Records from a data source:
*** Begin section ***
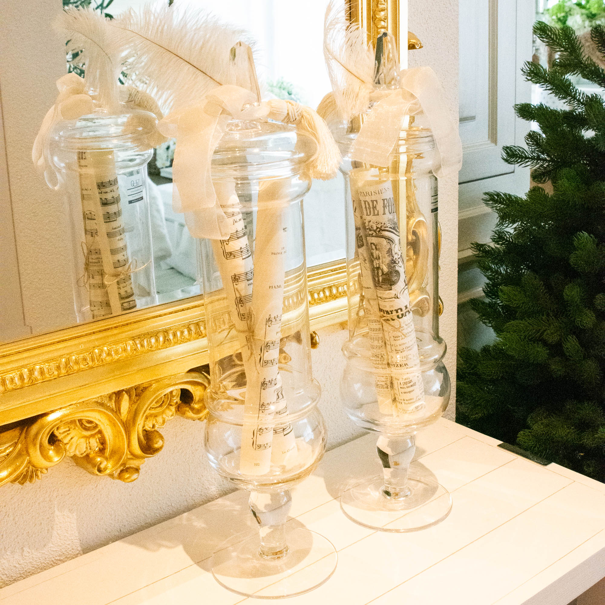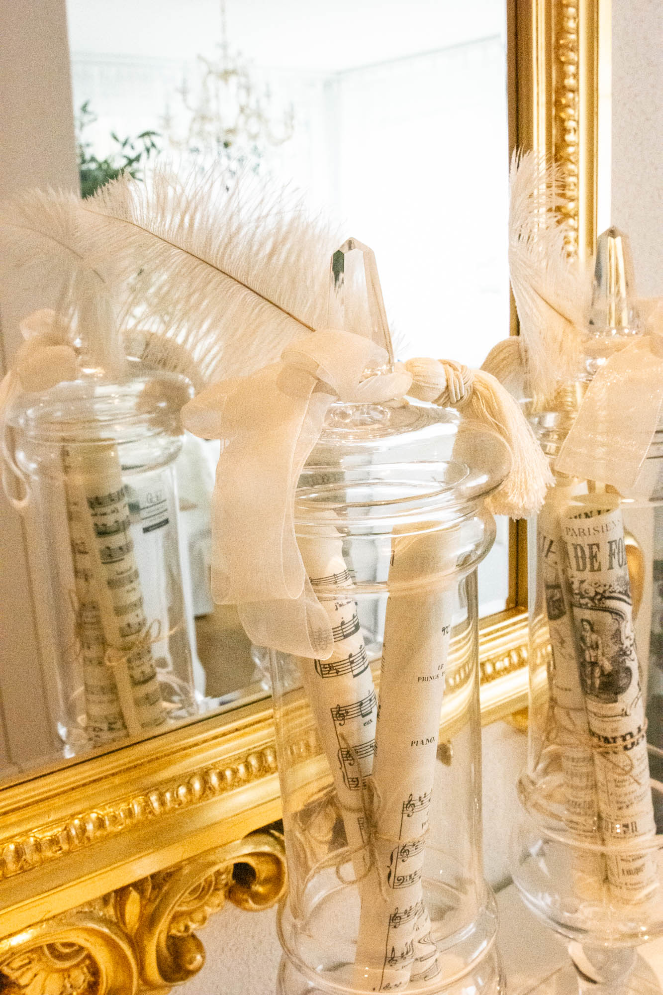 • 2 grosse Gläser mit edlem Deckel, inkl. Masche, Feder, etc.
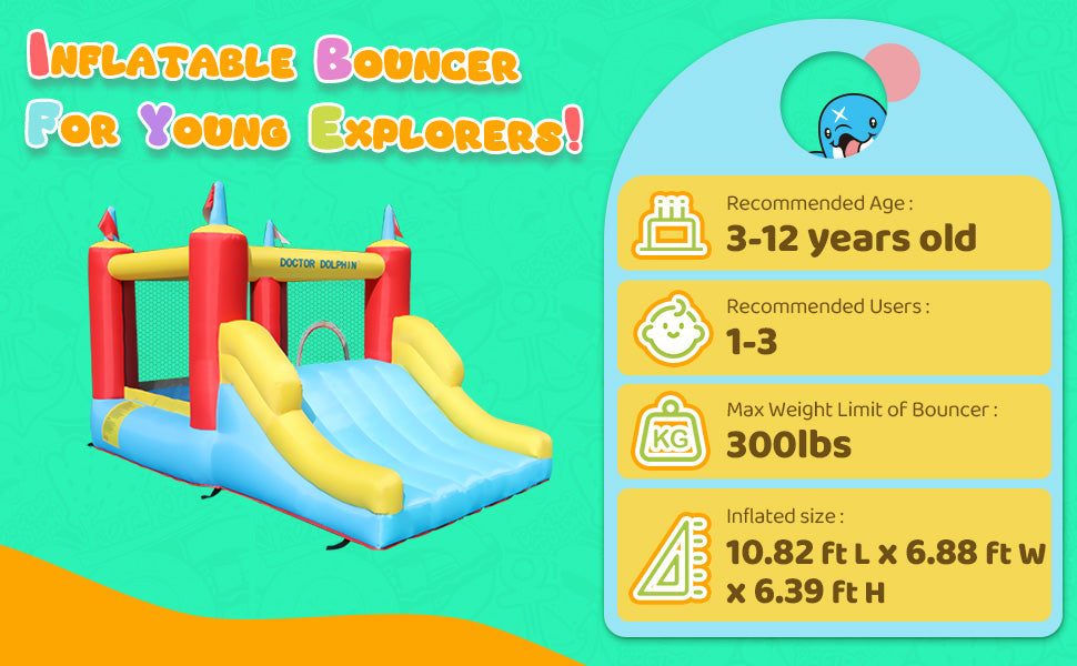The inflatable bounce house measures approximately 130 x 83 x 77 inches when fully inflated, comfortably accommodating up to 3 children at once. Designed for kids aged 2-12, it offers a safe and enjoyable space for play.
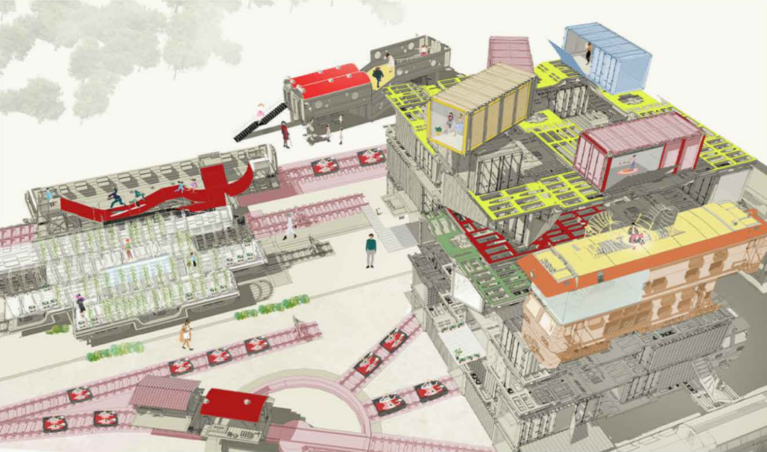 在生活空间设计方面,调研团基于未来生活方式,综合考虑道路、景观、日照、气候、地域文化等因素,因地制宜确定住宅朝向、建筑组合形态、沿街界面以及天际线设计方案。构建了从家到公共空间的多层次空间序列。
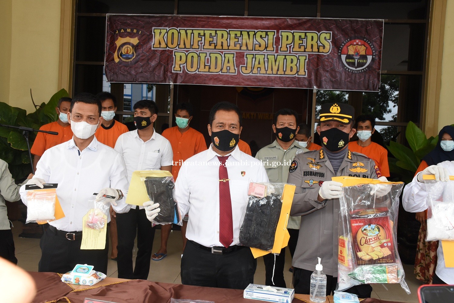 Hal ini disampaikan Diresnarkoba Polda Jambi Kombes Pol Dewa Putu Gede didampingi Kabid Humas, Kombes Pol Kuswahyudi Tresnadi saat konferensi pers ungkap kasus Ditresnarkoba Polda Jambi.
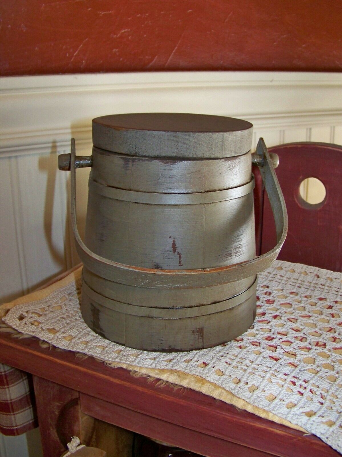 Title (ebay affiliate link): Primitive Painted Sm Firkin Sugar Bucket Metal Bands Canted Swing Handle
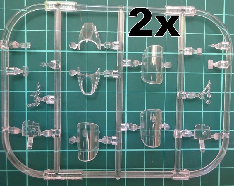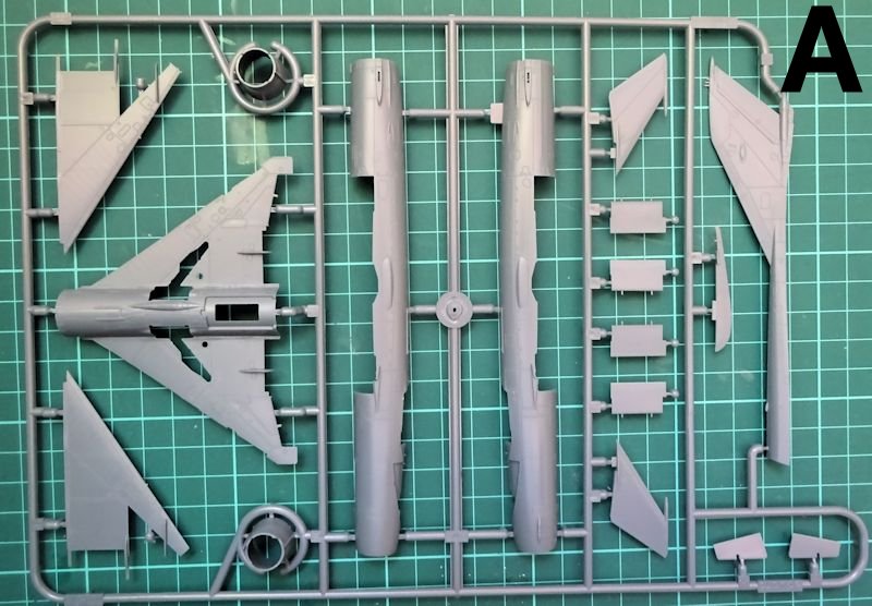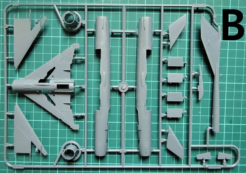 Nun zu den Großteilen. Alle zeichnen sich durch feine Oberflächengravuren aus. Bei den Tragflächen fällt die Abweichung von der vom 48er Modell bekannten Aufteilung ins Auge. Während sich mir der Sinn der Aussparung bei den Teilen 17/18 noch nicht erschließt, ist die Neugestaltung der Vorderkante eine super Idee und damit besser gelöst als bei der großen MiG. Die Kopplung der Landescheinwerfer mit den Druckbehältern in einem Klarsichtteil, ist auch zu begrüßen.
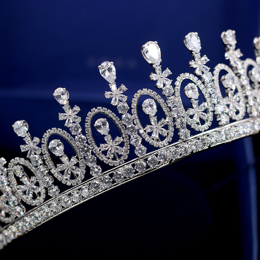 Luxury All CZ Cubic Zirconia Flower Queen Wedding Princess Tiara Crown For Women
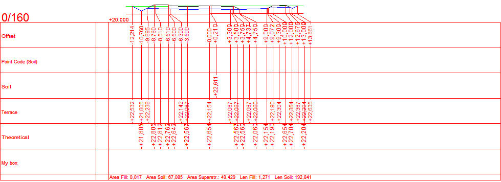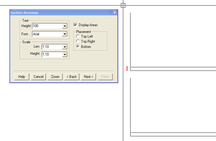 Select the text height and font. It will sometimes be difficult to identify the correct size. Try clicking once in the drawing to obtain an idea of the size. If you have selected "Display areas" and "Bottom" as shown, you will see in the drawing how high the bottom line is. This is shown by the red dot in the screenshot below.
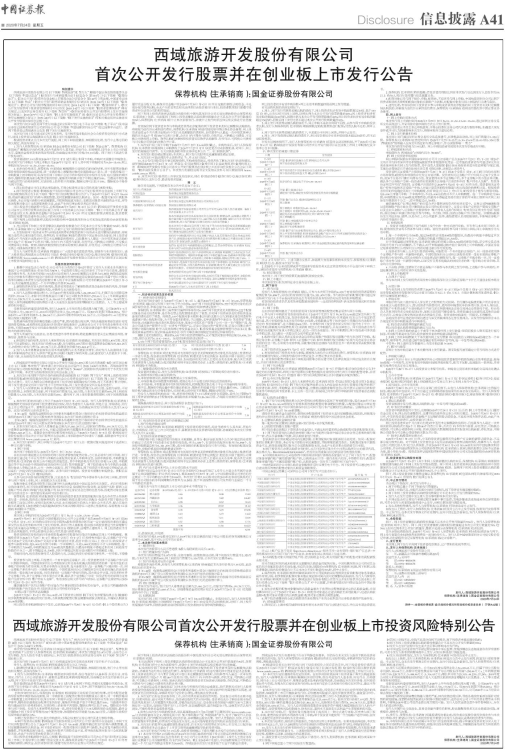 西域旅游开发股份有限公司首次公开发行股票并在创业板上市投资风险特别公告
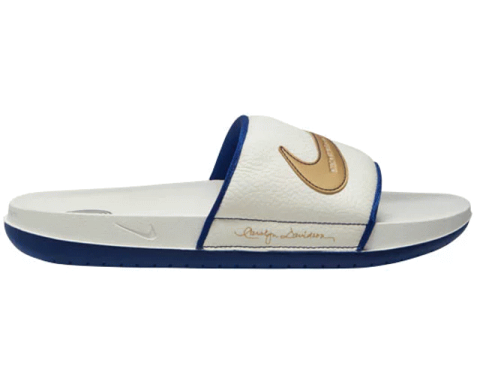 スウッシュの50周年を祝うナイキ オフコート スライドは トップクラスの快適さとスタイルを堪能できる一足。
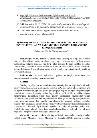 o‘ynamoqda. Raqamli iqtisodiyotni qishloq xo‘jaligi eksportiga joriy etish
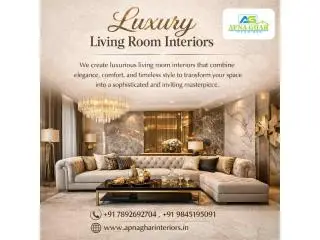 Apna Ghar Interiors creates luxury living room interiors in Bangalore with a perfect balance of elegance and comfort. We design stylish spaces that reflect our lifestyle and preferences. We focus on premium materials, modern layouts, and luxurious finishes to highlight every detail. Our team carefully plans lighting, furniture placement, and decor elements to create a warm and inviting atmosphere. We ensure every design blends functionality with aesthetic appeal. Our approach transforms ordinary living rooms into stylish statement spaces. We deliver customized solutions that elevate our clients homes with classic charm and design excellence. Get in touch with Apna Ghar Interiors today to explore our exclusive design ideas.
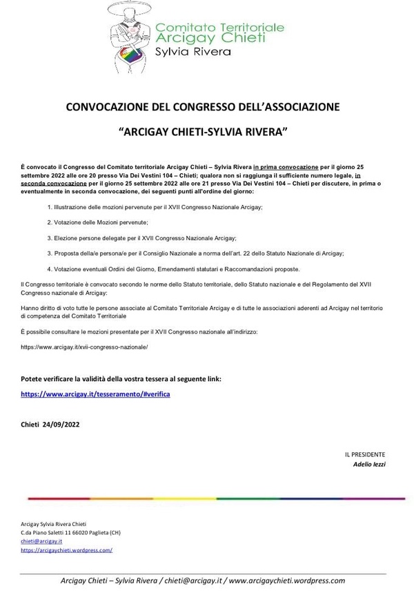 È convocato il Congresso del Comitato territoriale Arcigay Chieti – Sylvia Rivera in prima convocazione per il giorno 25 settembre 2022 alle ore 20 presso Via Dei Vestini 104 – Chieti; qualora non si raggiunga il sufficiente numero legale, in seconda convocazione per il giorno 25 settembre 2022 alle ore 21 presso Via Dei Vestini 104 – Chieti per discutere, in prima o eventualmente in seconda convocazione, dei seguenti punti all’ordine del giorno:
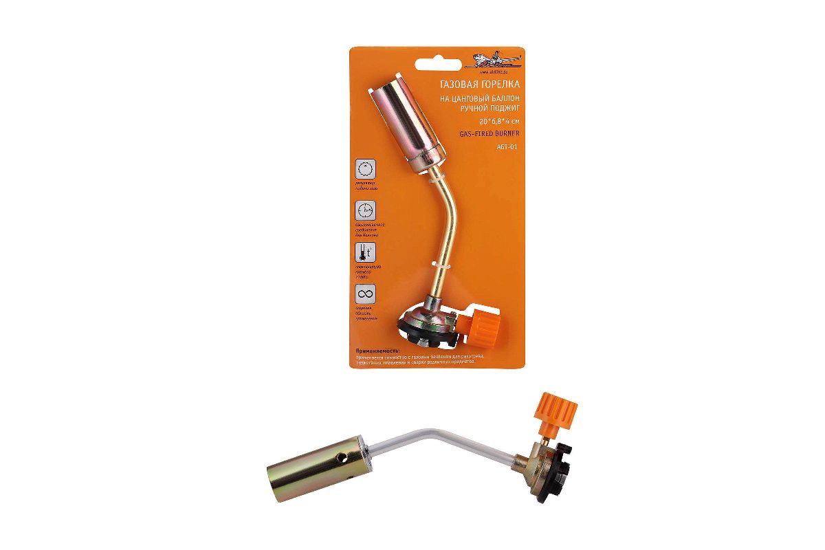 Горелка газовая AIRLINE AGT-01 на цанговый баллон, ручной поджиг, 20*6,8*4 см
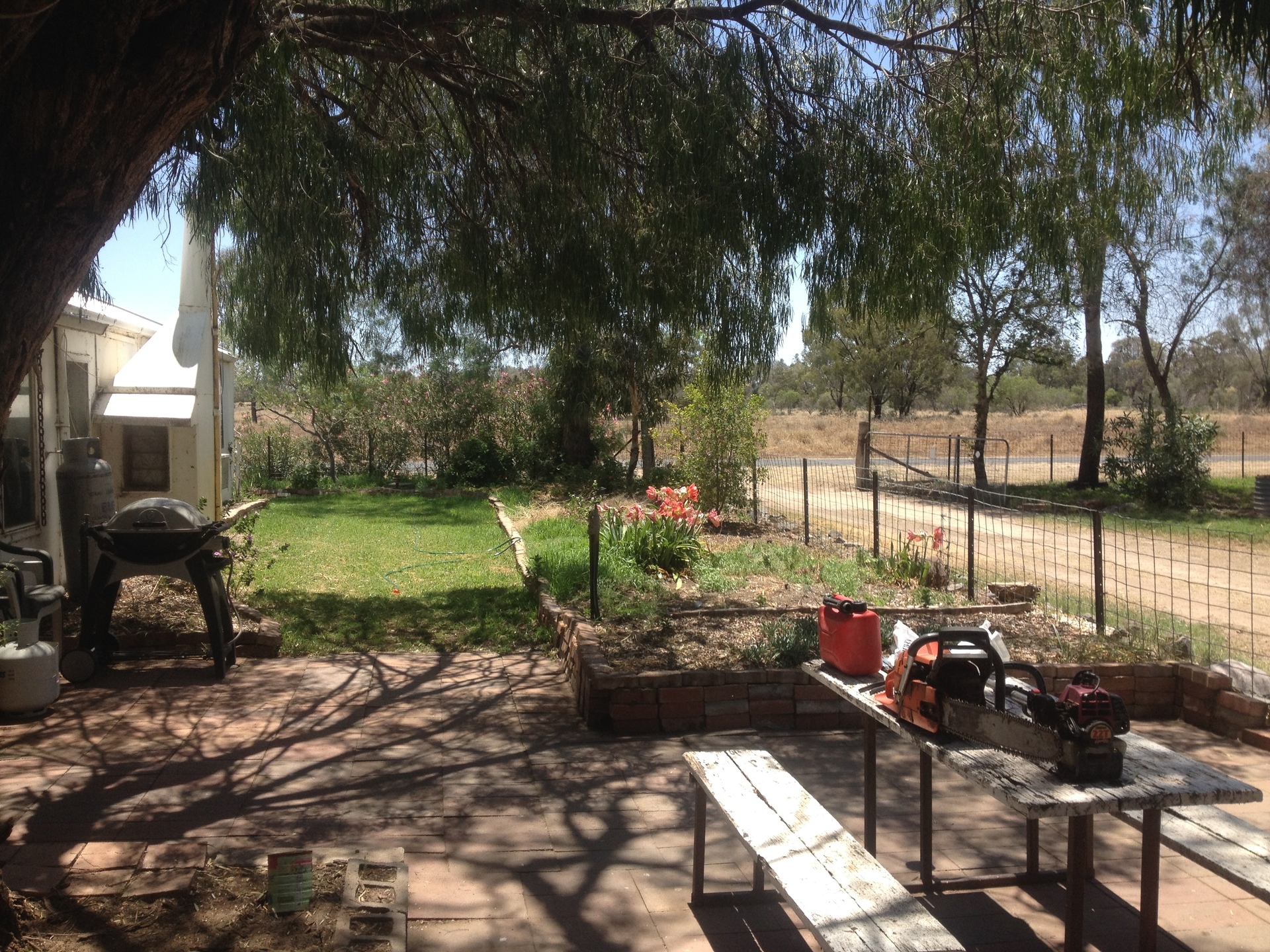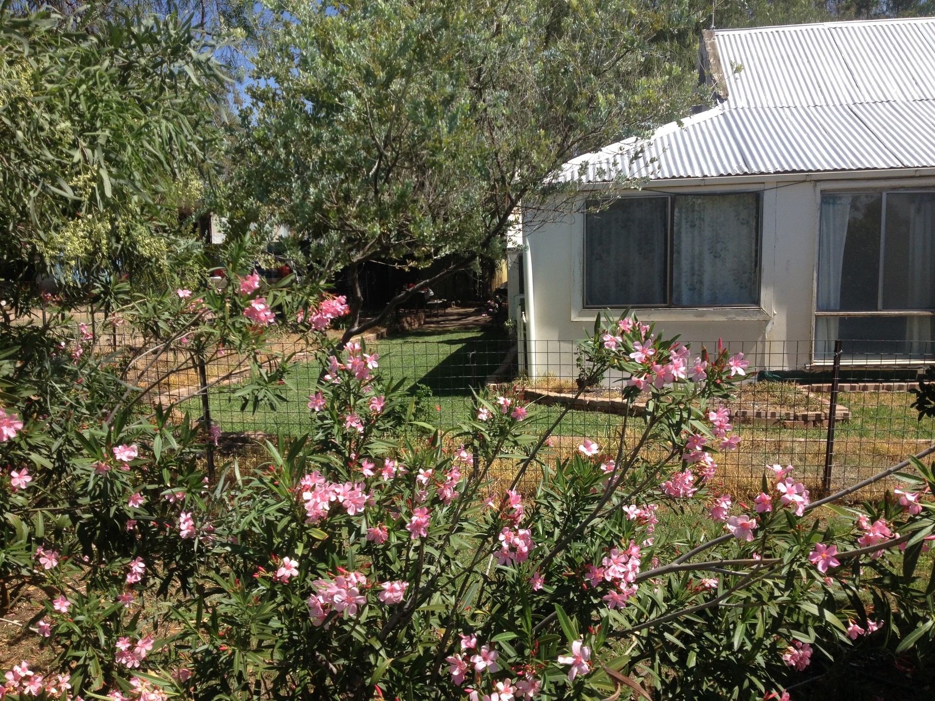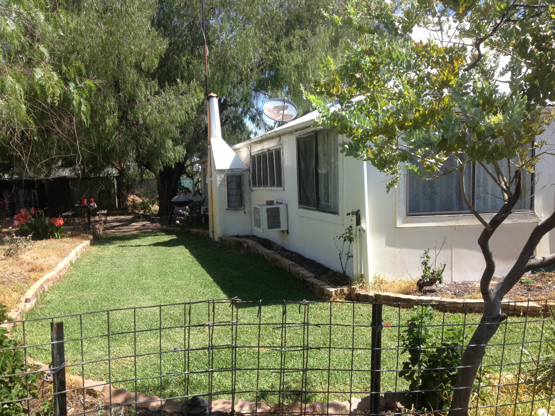 Set in an attractive garden with established trees and lawn, greenhouse, fruit trees, organic heirloom vegetable gardens, grape and passion fruit vines, chook house, dog pens, grain silo, town water and rainwater, and HEAPS of sheds with ample space for storage and working.
*** End section ***
§ DIRECTIONS FOR THIS TASK:
Repeat all the records above exactly, leaving out any pictures.

§ RESPONSE BOX:
 • 2 grosse Gläser mit edlem Deckel, inkl. Masche, Feder, etc.
The inflatable bounce house measures approximately 130 x 83 x 77 inches when fully inflated, comfortably accommodating up to 3 children at once. Designed for kids aged 2-12, it offers a safe and enjoyable space for play.
 在生活空间设计方面,调研团基于未来生活方式,综合考虑道路、景观、日照、气候、地域文化等因素,因地制宜确定住宅朝向、建筑组合形态、沿街界面以及天际线设计方案。构建了从家到公共空间的多层次空间序列。
 Hal ini disampaikan Diresnarkoba Polda Jambi Kombes Pol Dewa Putu Gede didampingi Kabid Humas, Kombes Pol Kuswahyudi Tresnadi saat konferensi pers ungkap kasus Ditresnarkoba Polda Jambi.
 Title (ebay affiliate link): Primitive Painted Sm Firkin Sugar Bucket Metal Bands Canted Swing Handle
 Nun zu den Großteilen. Alle zeichnen sich durch feine Oberflächengravuren aus. Bei den Tragflächen fällt die Abweichung von der vom 48er Modell bekannten Aufteilung ins Auge. Während sich mir der Sinn der Aussparung bei den Teilen 17/18 noch nicht erschließt, ist die Neugestaltung der Vorderkante eine super Idee und damit besser gelöst als bei der großen MiG. Die Kopplung der Landescheinwerfer mit den Druckbehältern in einem Klarsichtteil, ist auch zu begrüßen.
 Luxury All CZ Cubic Zirconia Flower Queen Wedding Princess Tiara Crown For Women
 Select the text height and font. It will sometimes be difficult to identify the correct size. Try clicking once in the drawing to obtain an idea of the size. If you have selected "Display areas" and "Bottom" as shown, you will see in the drawing how high the bottom line is. This is shown by the red dot in the screenshot below.
 西域旅游开发股份有限公司首次公开发行股票并在创业板上市投资风险特别公告
 スウッシュの50周年を祝うナイキ オフコート スライドは トップクラスの快適さとスタイルを堪能できる一足。
 o‘ynamoqda. Raqamli iqtisodiyotni qishloq xo‘jaligi eksportiga joriy etish
 Apna Ghar Interiors creates luxury living room interiors in Bangalore with a perfect balance of elegance and comfort. We design stylish spaces that reflect our lifestyle and preferences. We focus on premium materials, modern layouts, and luxurious finishes to highlight every detail. Our team carefully plans lighting, furniture placement, and decor elements to create a warm and inviting atmosphere. We ensure every design blends functionality with aesthetic appeal. Our approach transforms ordinary living rooms into stylish statement spaces. We deliver customized solutions that elevate our clients homes with classic charm and design excellence. Get in touch with Apna Ghar Interiors today to explore our exclusive design ideas.
 È convocato il Congresso del Comitato territoriale Arcigay Chieti – Sylvia Rivera in prima convocazione per il giorno 25 settembre 2022 alle ore 20 presso Via Dei Vestini 104 – Chieti; qualora non si raggiunga il sufficiente numero legale, in seconda convocazione per il giorno 25 settembre 2022 alle ore 21 presso Via Dei Vestini 104 – Chieti per discutere, in prima o eventualmente in seconda convocazione, dei seguenti punti all’ordine del giorno:
 Горелка газовая AIRLINE AGT-01 на цанговый баллон, ручной поджиг, 20*6,8*4 см
 Set in an attractive garden with established trees and lawn, greenhouse, fruit trees, organic heirloom vegetable gardens, grape and passion fruit vines, chook house, dog pens, grain silo, town water and rainwater, and HEAPS of sheds with ample space for storage and working.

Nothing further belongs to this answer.